Patient-Paced Education

For postpartum discharge

In collaboration with UChicago Medicine Family Birthing Center

Profile Picture of Kim Erwin

Kim Erwin

Associate Professor of Healthcare Design and Design Methods, Director, Equitable Healthcare Lab

Meghna Prakash

Assistant Director, Equitable Healthcare Lab

Elizabeth Graff

Master of Design, 2024

Anna Marzano, RN, BSN, C-EFM, CBC

Perinatal Services Quality & APORS Specialist at UChicago Medicine Family Birthing Center

Sanjana Kumar

Master of Design, 2025

Caley Schroeder

Patient Care Manager at UChicago Medicine Family Birthing Center

Abbe Kordik, MD

Director of Obstetrics and Gynecology at UChicago Medicine Family Birthing Center

CHALLENGE

How might we improve postpartum patient education so that it’s easier to understand and deliver?
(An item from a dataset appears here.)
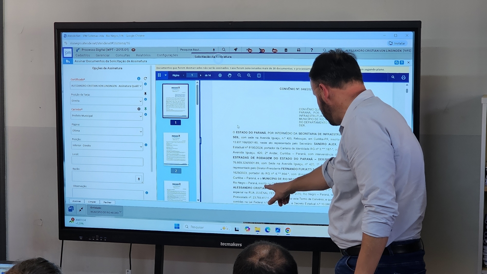 A formalização da assinatura digital do prefeito Alessandro Cristian von Linsingen ocorreu na tarde da sexta-feira na Escola Municipal Venceslau Muniz. Além do prefeito, o vice-prefeito Marcelo Wotroba e os vereadores Maria Célia Conte, João Alves e Elcio Josué Colaço também estiveram presentes no evento, juntamente com secretários municipais, servidores da Prefeitura e membros da comunidade.
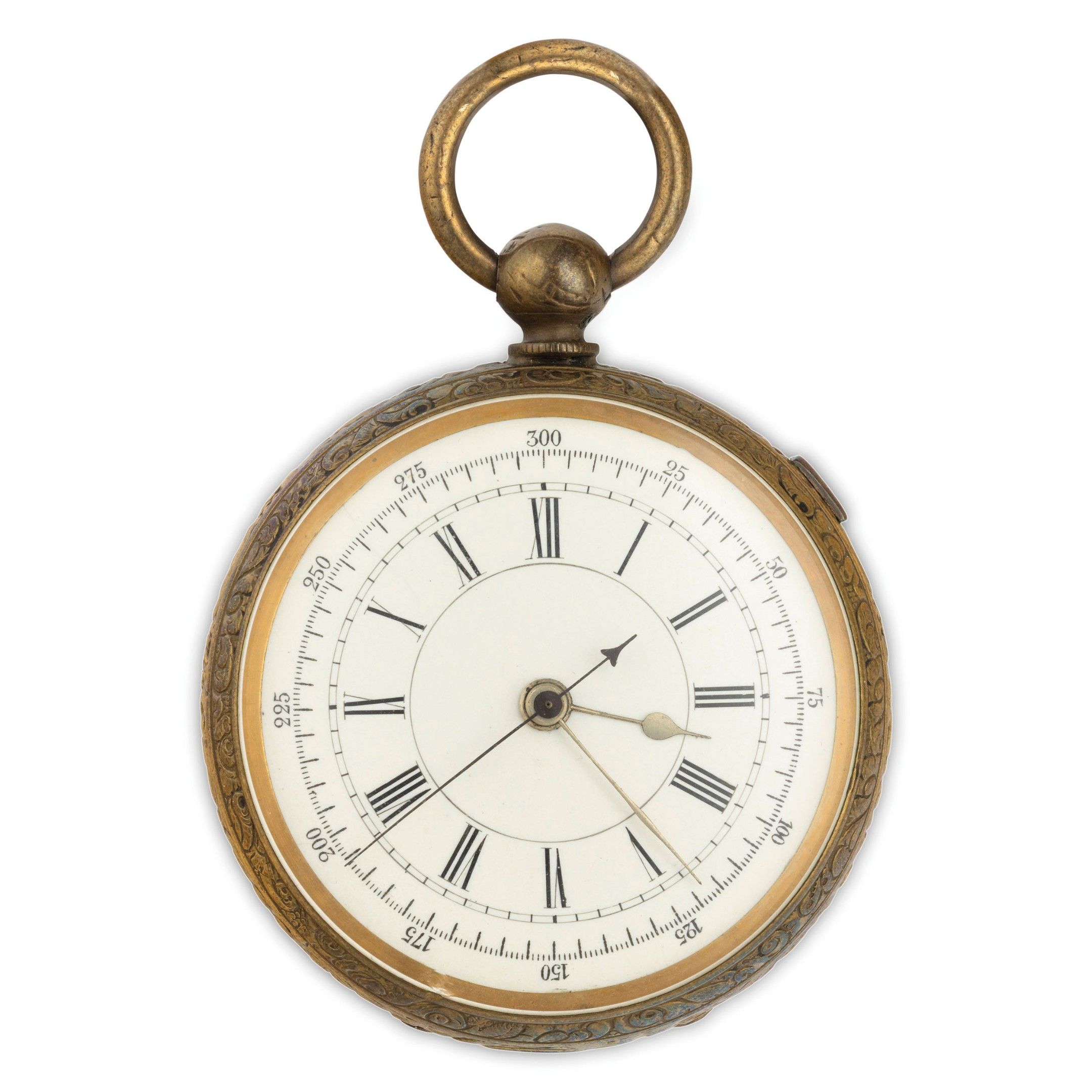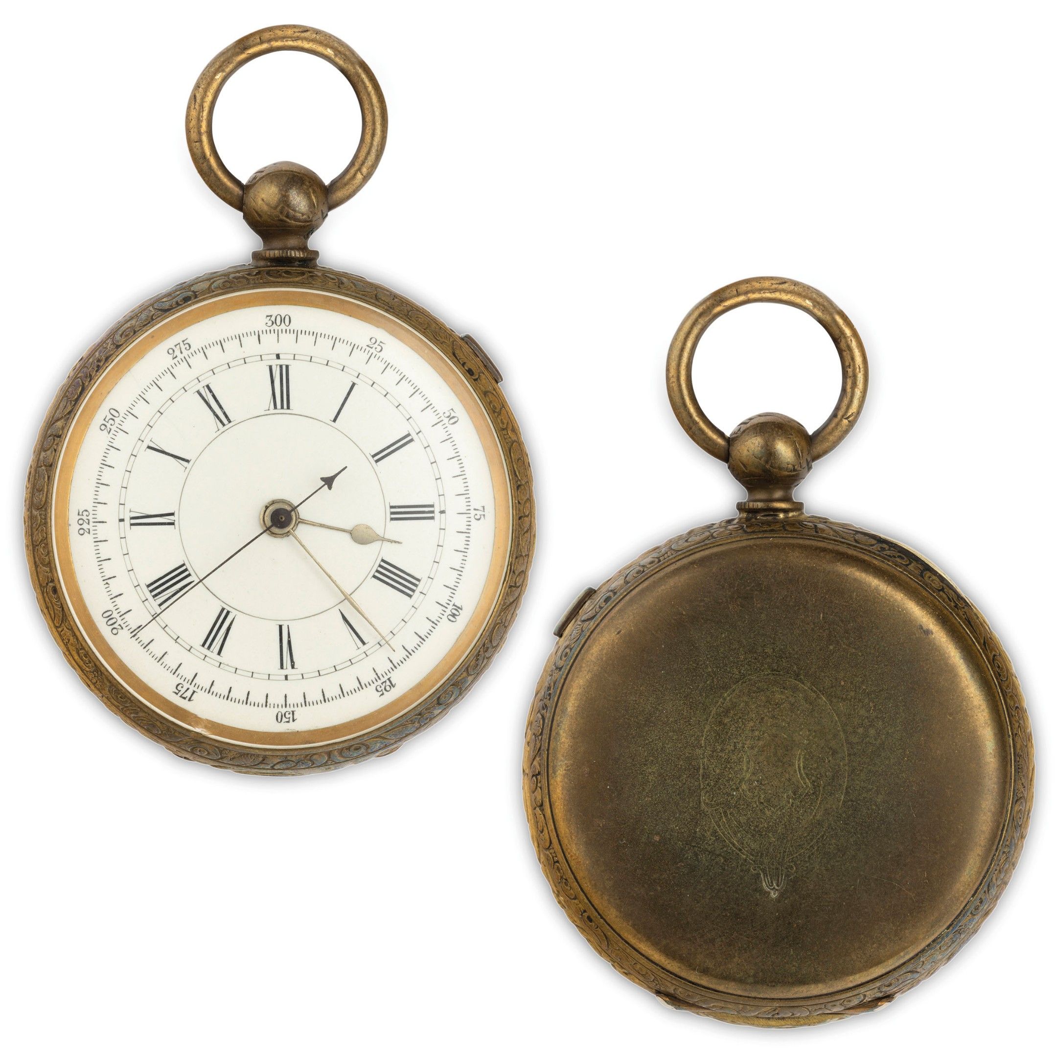 STOP WATCH, GILT METAL POCKET WATCH, SWISS FOR THE ENGLISH MARKET, CIRCA 1870

Poor quality discharge education is associated with more newborn Emergency Room and Urgent Care visits. But short hospital stays limit the time for clinicals staff to effectively address a new mother’s learning needs, especially given the large amount of mandated education required by various agencies. Patient satisfaction scores for the Family Birthing Center (FBC) suggested significant gaps in patient readiness to succeed at home after giving birth. 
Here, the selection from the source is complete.